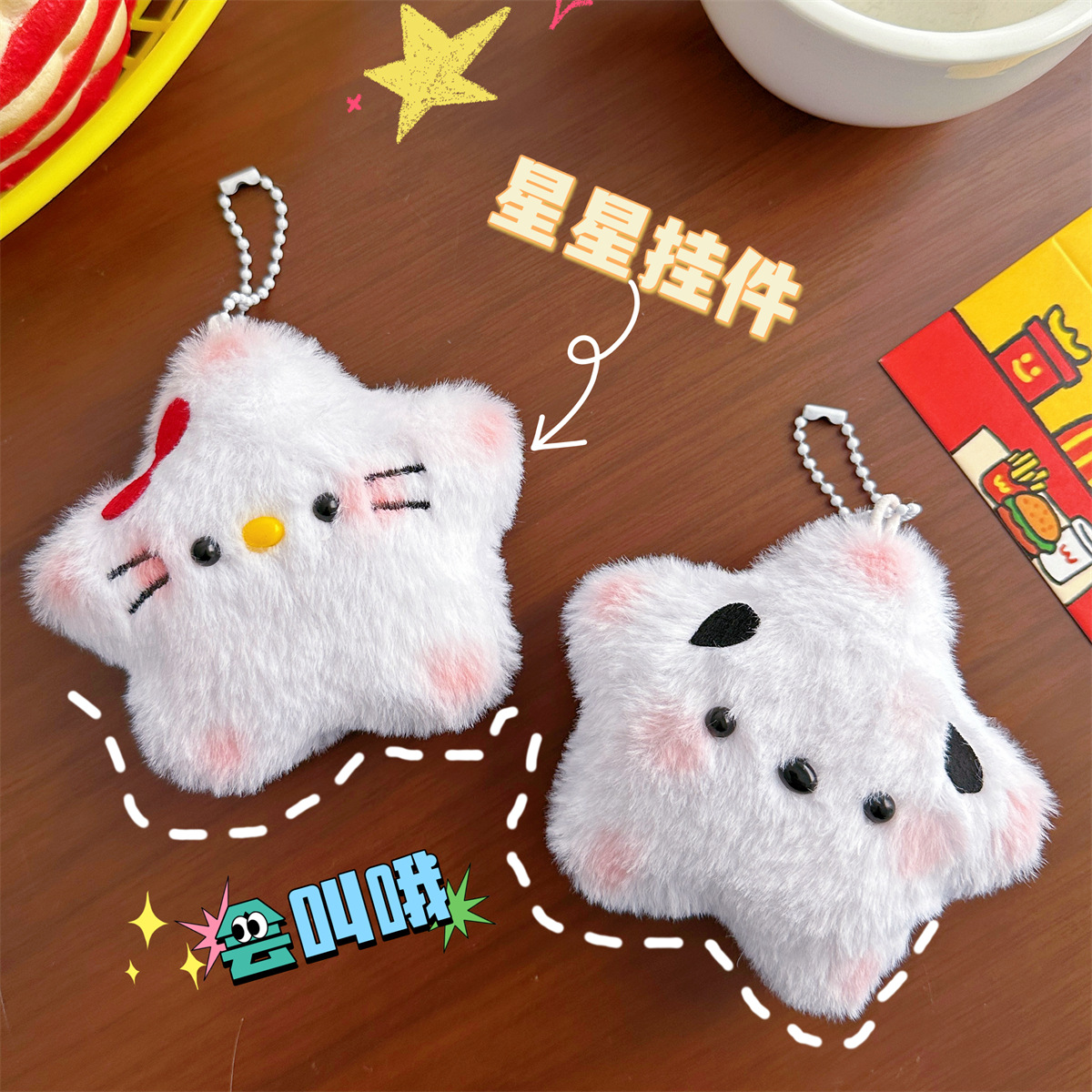 Подвеска плюшевая с котами и звездами 9 см BUDUO 992₽
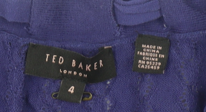 This elegant Ted Baker women's top combines a rich purple hue with intricate lace detailing to create a sophisticated and feminine piece. Crafted from premium 100% cotton, with exquisite silk trim accents, this top promises both comfort and luxurious style. Its short puff sleeves and V-neckline with tie accents add a unique touch to your wardrobe, making it perfect for various occasions. Whether pair it with your favourite jeans for a chic casual look or dress it up with a skirt for a night out, this top is versatile and sure to catch the eye. The condition is excellent, showing no visible signs of wear, and requires gentle hand washing to maintain its quality. Elevate your fashion game with this beautiful Ted Baker top, ideal for any modern woman looking to express her style. With a size 14 fit, it caters to those who appreciate a touch of elegance in their daily attire. Don't miss the opportunity to add this stunning lace piece to your collection.
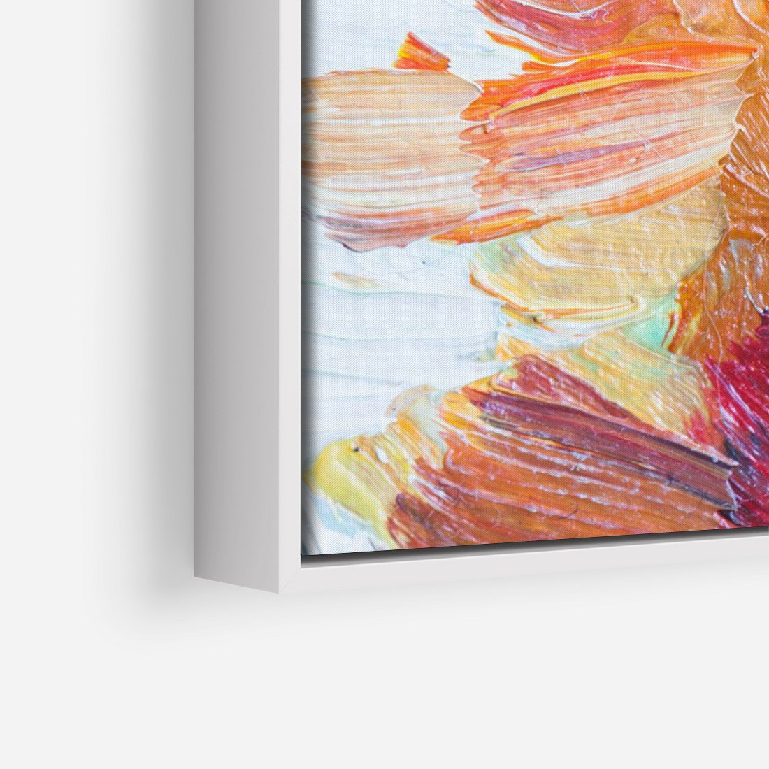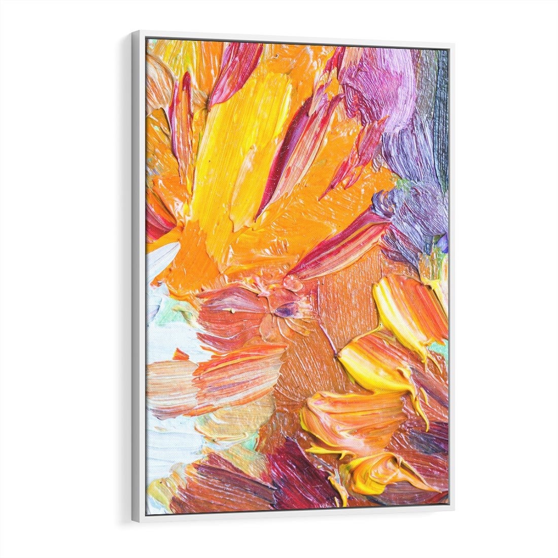 Obraz w ramie 70x100 - Kwiatowe Harmonie - zbliżenie na obraz olejny, gruba warstwa farby - rama biała
◇ ◇ ◇ ◇ ◇
> **What you have to do**: The images are to be left out; every line above should be set down exactly.

> **Your response**:
 Подвеска плюшевая с котами и звездами 9 см BUDUO 992₽
 This elegant Ted Baker women's top combines a rich purple hue with intricate lace detailing to create a sophisticated and feminine piece. Crafted from premium 100% cotton, with exquisite silk trim accents, this top promises both comfort and luxurious style. Its short puff sleeves and V-neckline with tie accents add a unique touch to your wardrobe, making it perfect for various occasions. Whether pair it with your favourite jeans for a chic casual look or dress it up with a skirt for a night out, this top is versatile and sure to catch the eye. The condition is excellent, showing no visible signs of wear, and requires gentle hand washing to maintain its quality. Elevate your fashion game with this beautiful Ted Baker top, ideal for any modern woman looking to express her style. With a size 14 fit, it caters to those who appreciate a touch of elegance in their daily attire. Don't miss the opportunity to add this stunning lace piece to your collection.
 Obraz w ramie 70x100 - Kwiatowe Harmonie - zbliżenie na obraz olejny, gruba warstwa farby - rama biała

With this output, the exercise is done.